Paul Egan infuses Dave with a warm comic energy that propels the show forward, periodically consulting his omniscient promotion how-to book.   Egan renders Dave irresistibly identifiable, from the boyishly vulnerable technician of the first act to the driven, next-big-thing-obsessed promoter of the second.  He provides a stark contrast to Ramanvir Grewal’s meek Ash.

From coquettish groupie and girl band singer to grounded champion of Ash’s spiritual song-writing, Sian Goff (Amy) also effects a remarkable transformation.

Rebecca Keane gives an impressive performance in her two roles.  She switches 180 degrees from Tracci, a fame-crazed, talent-starved singer who wears sex pinned to her front like a ‘for sale’ sign, to a high-power, no-nonsense record company lawyer.  The former proves an early target of Matt Butcher’s effectively slimy Vince, a club owner.

Rounding off the girl band trio, Suni La (Jayla) proves great comic fodder as the wistful modern dance choreographer whom Tracci batters at every turn.

Anil Kumar grounds this comedy in its most interesting conflict with his grave sincerity as Ash’s deeply religious older brother Raz.

Director Julie Osman, designers and cast use invention to transform the small space above the Cock Tavern into Dave’s world.  Their imagination finds ways for Dave to fall from great heights and Ash to perform to huge audiences.

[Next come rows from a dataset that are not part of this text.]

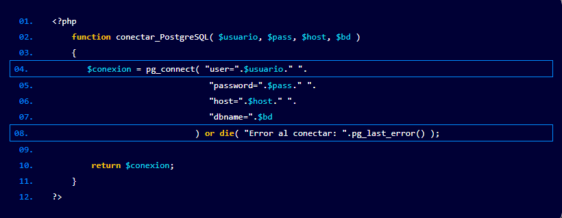 En este puno crearemos una conexión a la base de datos para lo cual implementaremos el siguiente código, en el cual se muestra una función llamada “conectar_PostgreSQL” que recibe como parámetros $usuario, $pass, $host, $bd Donde los primeros 2 argumentos fueron creados por el usuario, host es por lo general el nombre del equipo o “localhost” y bd es “MyDB”.
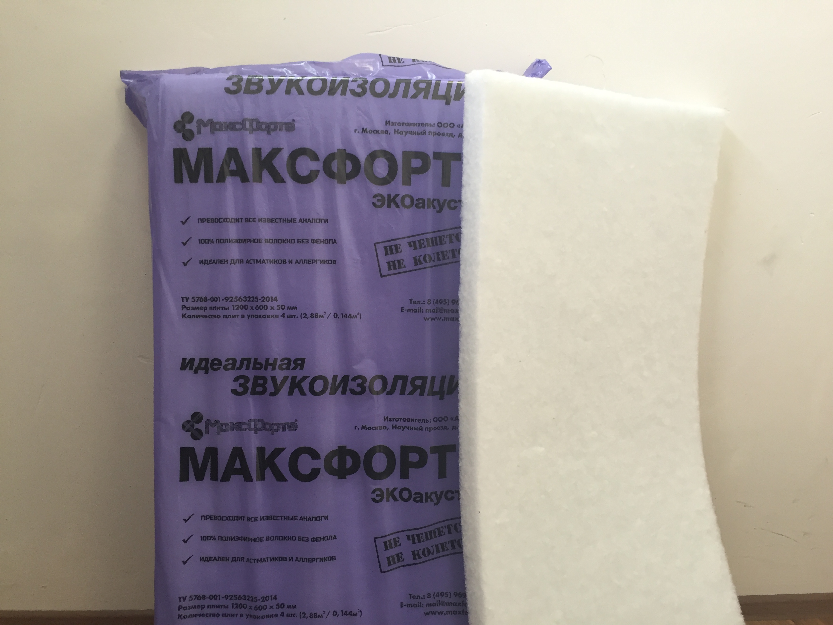 Звукопоглощающие плиты МаксФорте-ЭкоАкустик изготавливается из полиэфирных волокон.
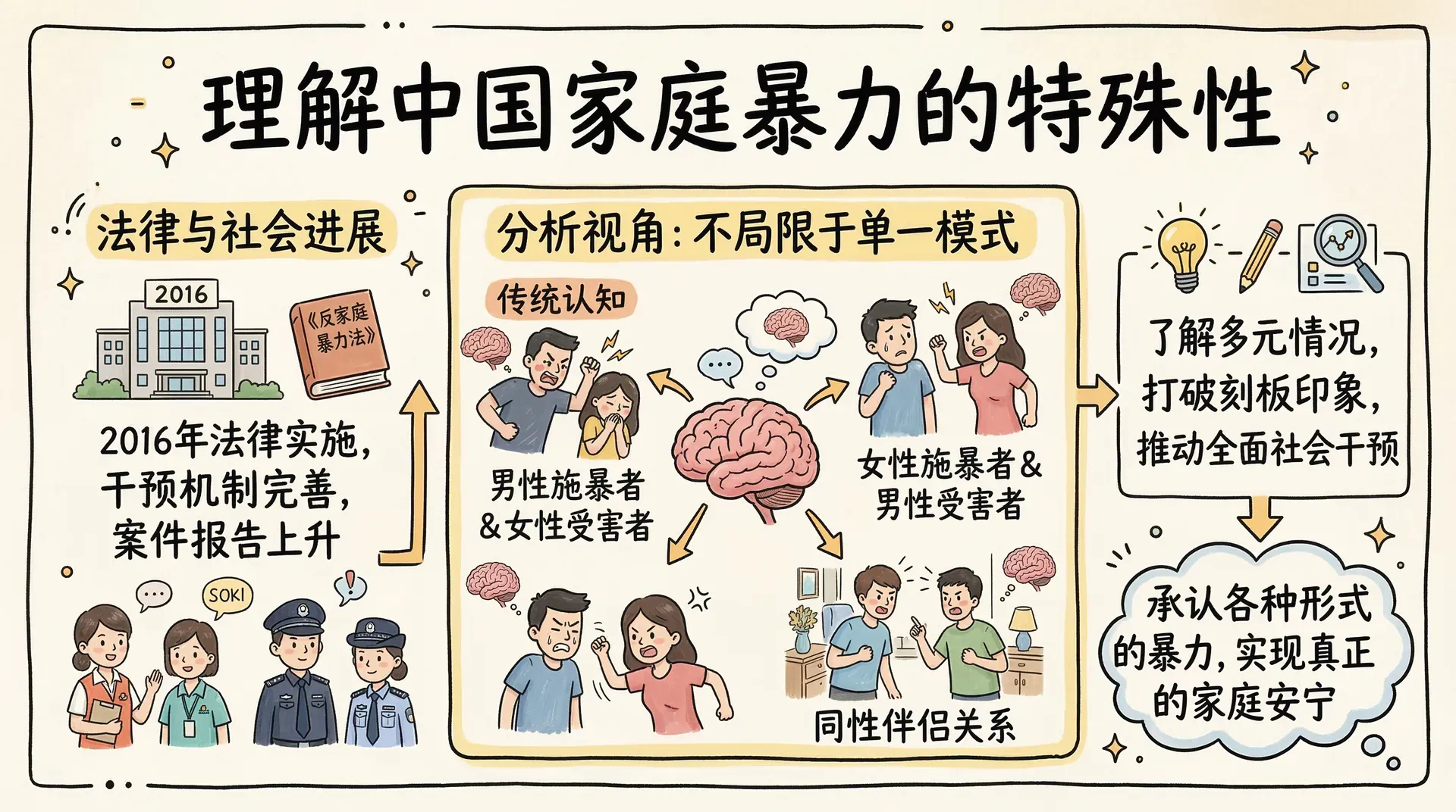 家庭暴力或亲密伴侣暴力是一个日益受到社会关注的问题。随着《反家庭暴力法》于2016年在中国正式实施,家庭暴力的法律认定和社会干预机制逐步完善,相关案件的报告数量也有所上升。虽然大多数研究关注男性施暴者和女性受害者,但家庭暴力同样可能发生在女性施暴者与男性受害者之间,以及同性伴侣关系中。
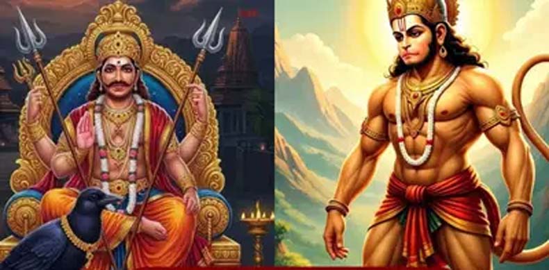 पौराणिक कथा के अनुसार, शनि देव को अपनी शक्तियों पर घमंड था, क्योंकि वह अपनी वक्र दृष्टि से किसी का भी अहित कर सकते थे। एक बार जब हनुमान जी जंगल में बैठकर राम जी की भक्ति कर रहे थे, उसी समय वहां से शनि देव गुजर रहे थे। उनकी दृष्टि हनुमान जी पर पड़ी और उन्होंने बजरंगबली पर वक्र दृष्टि डालने का सोचा। लेकिन इसका हनुमान जी पर कोई प्रभाव नहीं पड़ा। इसपर शनि देव क्रोधित हो उठे और उन्होंने इससे हनुमान जी को ललकारा, लेकिन इसका भी हनुमान जी पर कोई असर नहीं हुआ और वह पहले की तरह अपनी तपस्या में लीन रहे। बात को अनसुनी करने पर शनि देव का क्रोध और भी बढ़ गया।

Designer Martin Thomas is to be commended for capturing the industrial pomp of the music business, while at the same time creating at least seven different locations demanded by the script. 

Three Minute Hero stands out among the shows you’ll find above pubs and in basements in London—the pots where new work tends to get planted.   It tracks the journey of Dave from zero to hero (and perhaps back again) with a lot of comedic charm.  

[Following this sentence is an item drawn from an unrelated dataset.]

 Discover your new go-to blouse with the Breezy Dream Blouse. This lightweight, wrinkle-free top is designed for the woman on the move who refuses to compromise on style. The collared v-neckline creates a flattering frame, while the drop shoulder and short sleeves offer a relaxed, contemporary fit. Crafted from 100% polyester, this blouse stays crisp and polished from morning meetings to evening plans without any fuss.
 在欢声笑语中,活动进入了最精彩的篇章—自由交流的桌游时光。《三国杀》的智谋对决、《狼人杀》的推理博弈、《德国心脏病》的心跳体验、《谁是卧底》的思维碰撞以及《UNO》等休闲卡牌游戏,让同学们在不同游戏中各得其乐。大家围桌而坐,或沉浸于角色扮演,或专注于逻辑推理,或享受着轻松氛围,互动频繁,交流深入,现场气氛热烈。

Though the show’s real power lies in the conflict between Dave, Raz and Ash (never do with ten characters what you can do better with three), making the first half feel almost superfluous, it’s utterly forgivable.  Setren keeps the audience laughing with eccentric characters.  I would have perhaps left happier if that journey had ended with more of a showdown between Raz, Ash and Dave and less direct address of the audience, but I don’t know that theatre’s job has ever been to make us happy.

Setren’s work stands out because he understands we want to see characters facing dramatic questions and deciding how to act, not preaching characters telling us what to decide.  Sermons are seldom accused of being too entertaining.

Three Minute Hero dissects the notion that pop stardom or any other kind of fame will save us.  Dave and Ash show the cost of chasing that fabled three-minute track that will awaken a generation.  Setren mercifully keeps us laughing while we examine the generation that looks to a three-minute track for salvation.